Scala: flatMap

The world has been flattened there. flatMap kind of works the same, it breaks the shell and gives you the egg, the wrapper is removed and you get the chocolate. If you need to map and then flatten, use flatMap instead.

Imagine you are collecting easter eggs and flattening them, some of these easter eggs would have chocolates in them, and some would be empty. When you flatten these easter eggs, two things happen.
- The shells get destroyed and the chocolates take their place.
- The empty shells get obliviated completed.
For example, if you had ten easter eggs, and you had four of those empty and one chocolate each in the remaining six eggs, on doing the flatten exercise on the ten shells, you get six chocolates and that is it. You don’t know which eggs were empty and whether all six chocolates in one shell or not. But then, chocolates is all you care about anyway!

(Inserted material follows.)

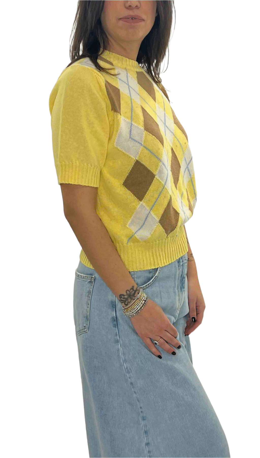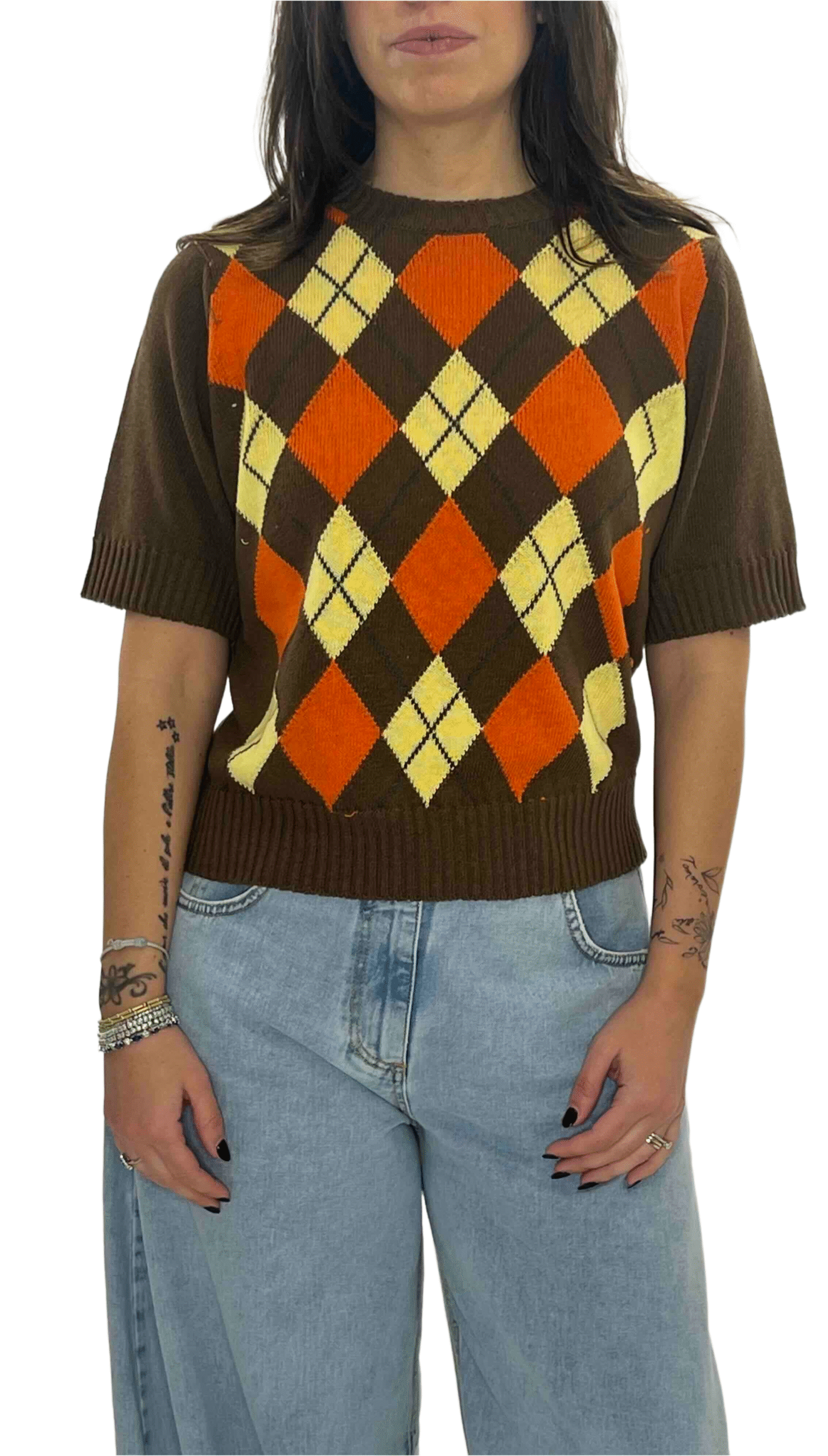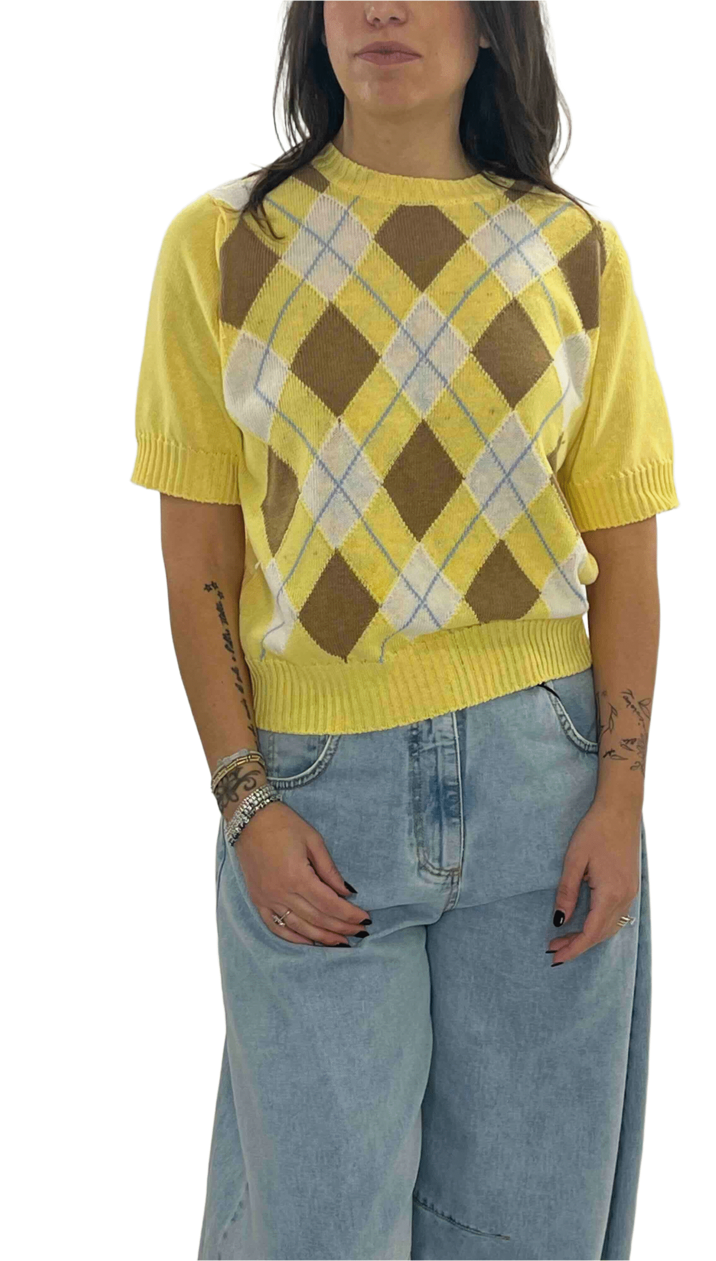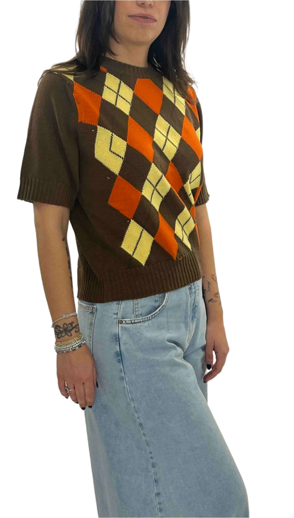 Maglia a rombi a manica corta, dal design moderno e versatile. Perfetta da indossare da sola per un look essenziale oppure come gilet sopra camicie per creare sovrapposizioni di tendenza. Il motivo geometrico dona carattere e rende ogni outfit curato e contemporaneo.

In programming terms, all that I mean is that the None s would get filtered out, and the Some s would get unwrapped on flattening.

Let us look at a flatten example closely first.

def singleDigitTwice (n : Int) : Option[Int] = {
if(n < 10) Some(2 * n)
else None
}
(0 until 20)
.toList
.map(singleDigitTwice)
.foreach(println)
println("Output after flattening")(0 until 20)
.toList
.map(singleDigitTwice)
.flatten
.foreach(println)

The output is as below, the wrappers can seem very noisy when all you care for is the actual output.

Some(0)
Some(2)
Some(4)
Some(6)
Some(8)
Some(10)
Some(12)
Some(14)
Some(16)
Some(18)
None
None
None
None
None
None
None
None
None
None
Output after flattening
0
2
4
6
8
10
12
14
16
18

The flattening happens only for the outermost wrapper when there are nested wrappers as demonstrated below.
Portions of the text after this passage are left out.